__What to work on__. Leave out the pictures and output exactly the lines below from the one with "POCASSY 5-Piece Patio" down to the one with "值得一提的是,部分香港的大学", both of them included.

__Data to process__.

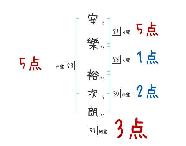 外運![]() | 安樂裕次朗さんの外運は23画の5つ星!想像力に優れ活力がある。一代で成功し名誉を手に入れる。 生活面を象徴する運勢です。外部から受ける影響力を表し、結婚運、家庭運や職場、環境への順応性を表します。 |
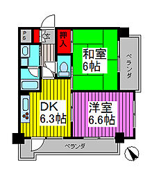 | 2025年9月 | 13.3万円 | 42.69m² 2DK | 6階 |
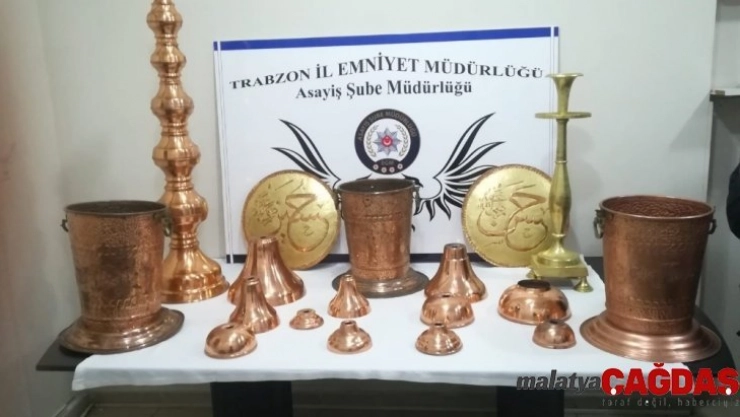 Trabzon'da bir çok camiden tarihi eser çalan şahıslar çaldıkları eserlerle birlikte yakalandı.
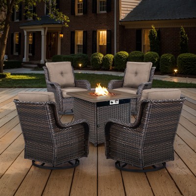 POCASSY 5-Piece Patio Furniture Set with Fire Pit Table, Outdoor Seating Set with 50000 BTU Fire Pit, All-Weather Wicker Patio Bent Armchair
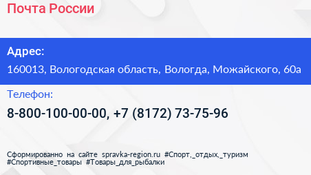Почта России по адресу 160013, Вологодская область, Вологда, Можайского, 60а в дальнейшем Организация, размещена в следующих категориях:
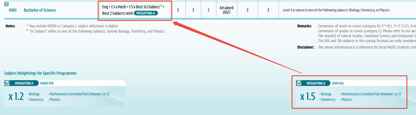 值得一提的是,部分香港的大学院校或课程在录取时,会将乙类应用学习科目视为选修科目、给予额外加分或作为辅助参考。然而,多数学生仍会优先选择甲类科目,因为其认可度更广,在最终计分环节更有利于报考不同专业。接下来,让我们来以香港大学理学士专业来举个例子吧!
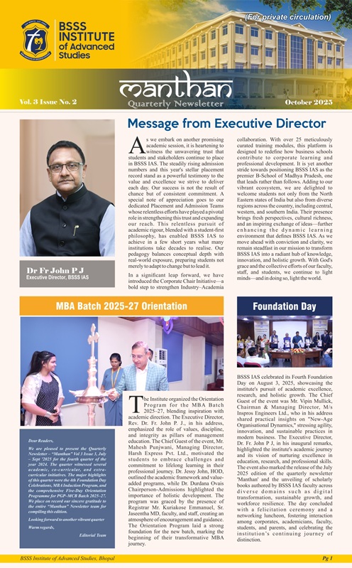 The Institute publishes a quarterly newsletter by the name ‘Manthan’, which provides the platform for the students to express their managerial thought processes to the outside world. The creativity and innovation of the students are penned down in each volume of the newsletter. It also acts as the mirror of all the academic activities, and academic progress that is taking place within the institute Comtemporary management-related concepts and issues are also covered in each volume to consolidate the thought process across the corporate segments.
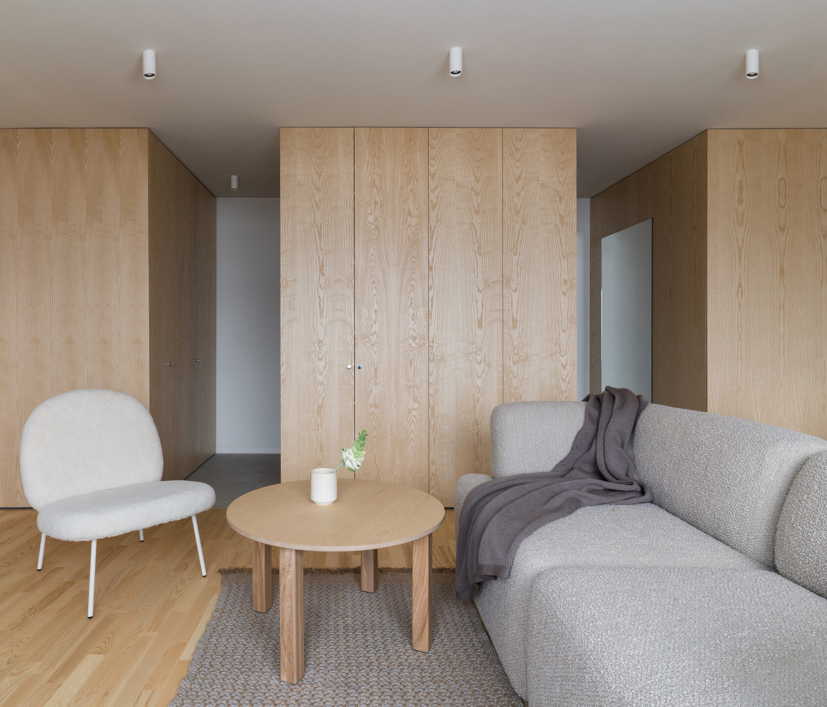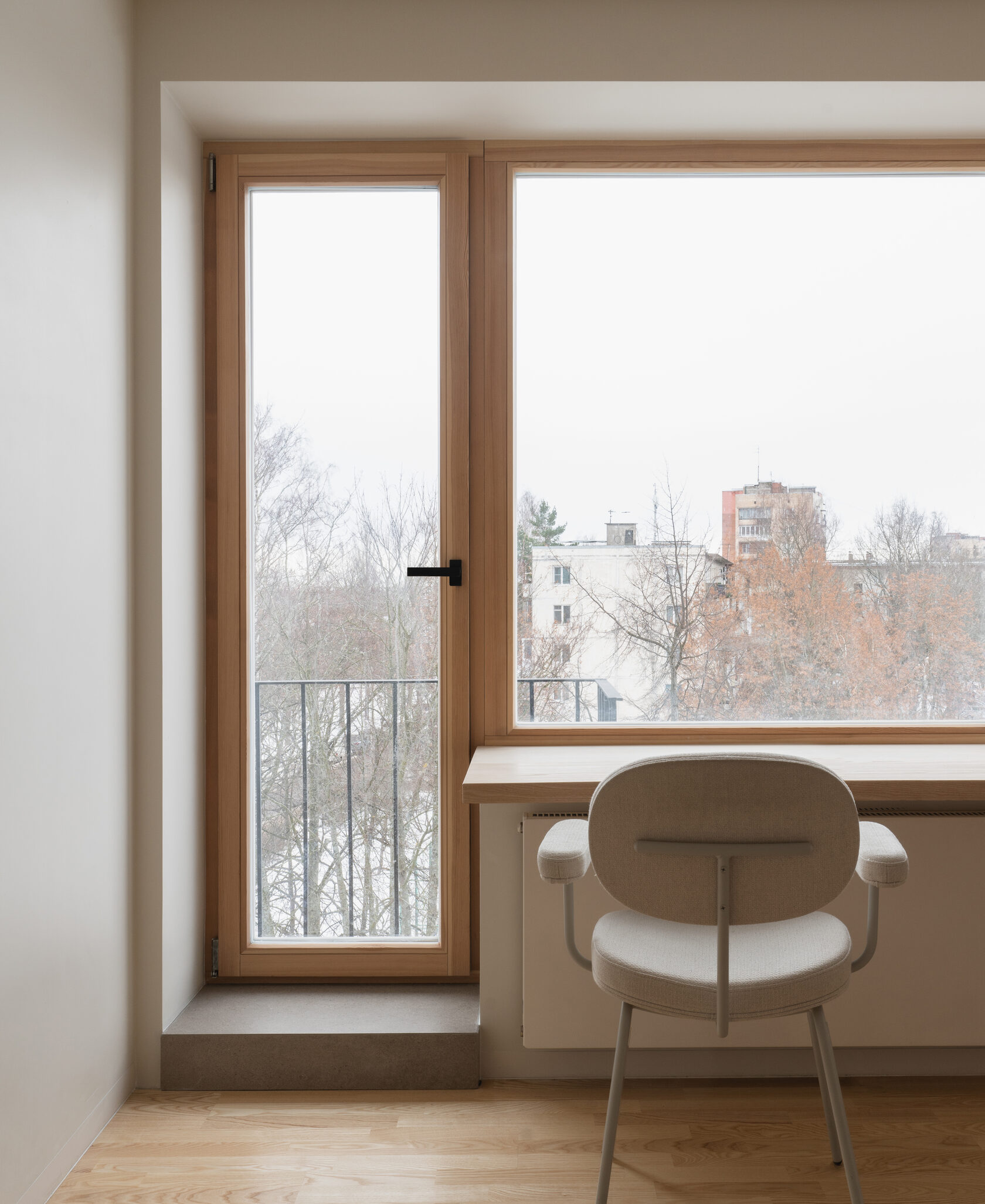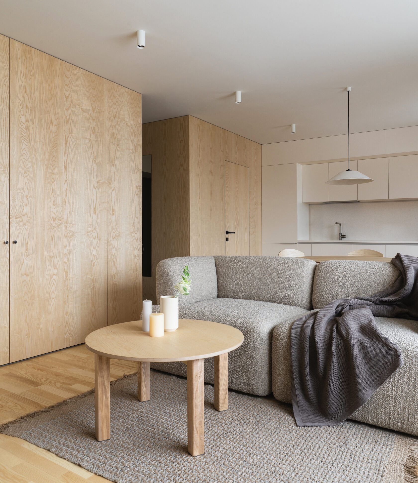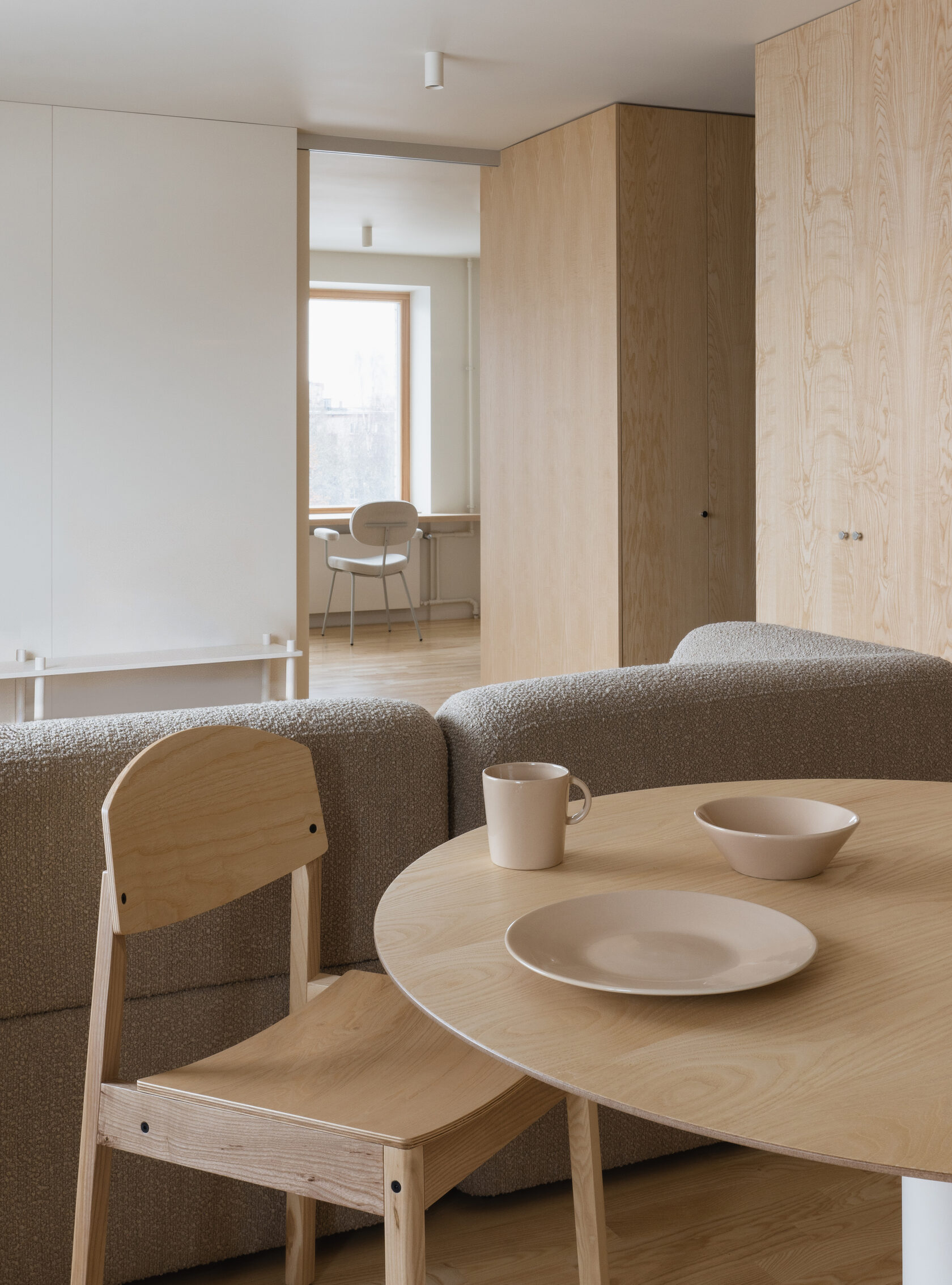 An example of how a small apartment in a typical Soviet nine-story building can be redesigned and furnished with furniture and household items from the brand. The main material used in the decoration and furniture is ash wood. In the center of the living room, there is a large window overlooking the lake.
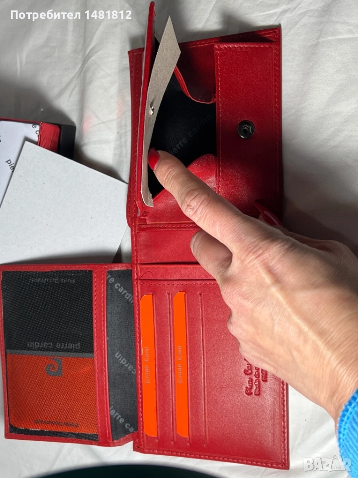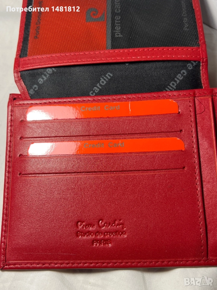 Портмоне Pierre Cardin в червен цвят,множество отделения за карти и визитки,монетник и отделения за банкноти

__Task response__.
 POCASSY 5-Piece Patio Furniture Set with Fire Pit Table, Outdoor Seating Set with 50000 BTU Fire Pit, All-Weather Wicker Patio Bent Armchair
Почта России по адресу 160013, Вологодская область, Вологда, Можайского, 60а в дальнейшем Организация, размещена в следующих категориях:
 值得一提的是,部分香港的大学院校或课程在录取时,会将乙类应用学习科目视为选修科目、给予额外加分或作为辅助参考。然而,多数学生仍会优先选择甲类科目,因为其认可度更广,在最终计分环节更有利于报考不同专业。接下来,让我们来以香港大学理学士专业来举个例子吧!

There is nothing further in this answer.